Ведь он рухнул на глазах у сотни людей!
Саша слушал внимательно и азартно. И задавал дополнительные вопросы:
-- А ты потом газетки-журналы не посмотрела? Никто не писал об этом?
-- Я не видела, -- покачала головой Лизавета.
-- И я не видел. А ведь это ЧП! Ты потом еще подробности выясняла?
-- Кое-что узнала. Уж больно загадочная эта школа двойников. Я, кстати,
выяснила, что Поливанова выбрали в Думу не в Туле и не в Орле, а в городе,
гораздо более близком к Петербургу, -- Новгороде. Между прочим, в комитете
по образованию этот экс-директор школы работал бок о бок с другим
экс-педагогом, историком, членом Государственной думы от Петербурга Яковом
Сергеевичем Зотовым.
-- Ах, с этим... -- Саша вздохнул.
Якова Зотова и Лизавета, и Саша, и все петербургские журналисты знали
не просто хорошо, а очень хорошо. Он выдвинулся благодаря своей невероятной
активности и умению гладко говорить о чем угодно. Зотов был всегда готов
публично выступить по любому поводу, и его вызывали как "скорую помощь",
когда позарез был необходим комментарий "специалиста-политолога", а люди
более осторожные отказывались порадовать прессу своим мнением. Вот уже
десять лет Яков Сергеевич Зотов, педагог, преподаватель высшей школы,
именовал себя политологом. А раньше он два десятка лет просто преподавал
историю КПСС -- и диплом у него был соответствующий, и диссертацию защитил
по теме "Деятельность ячеек РСДРП(б) на Кубани после революции 1905 года".
Политологом Зотов стал тогда, когда ликвидировали одиозные кафедры,
имевшиеся в каждом вузе. А поскольку о безработице и массовых увольнениях в
те времена еще не помышляли, то упраздненные научно-педагогические
коллективы переродились и стали коллективами преподавателей
социально-политической истории двадцатого века. Возрожденные к новой жизни
доценты и профессора творчески переработали название собственных кафедр, и
на просторах СССР появились легионы политологов.
Не все политологи пошли в политику, как речистый Зотов. Он же -- как
курочка по зернышку: здесь в газете мелькнул, там на телевидении выступил,
потом на радио пригласили как постоянного комментатора, -- в результате
прочная репутация и победа на выборах в Думу четыре года назад.
В этот раз Яков Сергеевич снова успешно прошел предвыборную дистанцию
-- в годы парламентского сидения он не забывал дружить с прессой, особенно
городской, -- подкидывал время от времени эксклюзивные скандальчики и
позаботился о финансовых тылах для своего второго похода на Думу.

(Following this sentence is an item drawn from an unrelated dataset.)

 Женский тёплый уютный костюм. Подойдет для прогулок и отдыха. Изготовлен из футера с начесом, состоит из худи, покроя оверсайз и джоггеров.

Кому, чем
и как он помог, журналисты только гадали, однако не то двести тысяч, не то
полмиллиона долларов на выборы Зотов достал без труда.

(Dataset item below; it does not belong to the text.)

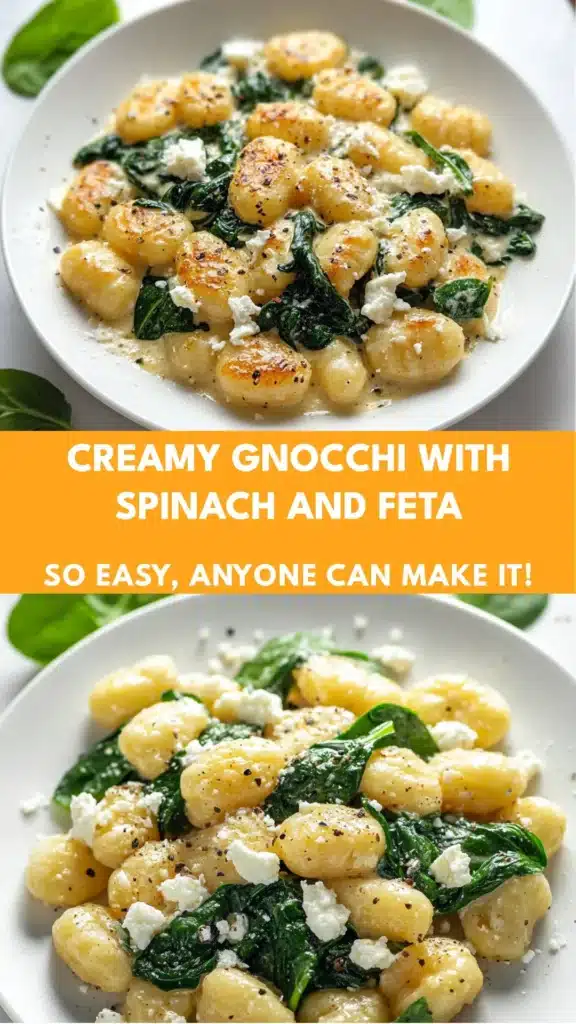 In conclusion, Creamy Gnocchi with Spinach and Feta is a delightful dish that brings comfort and flavor to your table. Its simplicity and versatility make it a perfect choice for any occasion, whether it’s a busy weeknight or a special family gathering. I hope you enjoy making this recipe as much as I do! If you try it, please share your thoughts in the comments below or share this recipe with fellow food lovers. Happy cooking!

Саша не занимался чисто политическими темами, но тут почему-то достал
блокнот и принялся писать.
-- Значит, умер помощник Поливанова, а Поливанов -- приятель нашего
Зотова. -- Все названные Лизаветой имена и фамилии Саша Маневич аккуратно
занес в толстый кожаный блокнот. Он был не только романтиком, но и педантом.
Вот такая гремучая психологическая смесь.
-- Зотову я даже не звонила. Так, поспрашивала других думцев,
обиняком... Сам Зотов сразу стал бы...
-- Напрашиваться в эфир, -- не дал ей договорить Саша. Когда люди много
и по-настоящему работают вместе, они научаются понимать друг друга с
полуслова.
-- Но я должна узнать, какую такую школу двойников-близнецов собираются
открыть наши думцы. И что по этому поводу думает господин Зотов. Мне
почему-то кажется, школьной реформой здесь и не пахнет. Это какая-то
политическая школа каких-то политических двойников. И ведь фактов особых
нет, а в голову лезут всякие истории про дублеров Саддама и Кастро.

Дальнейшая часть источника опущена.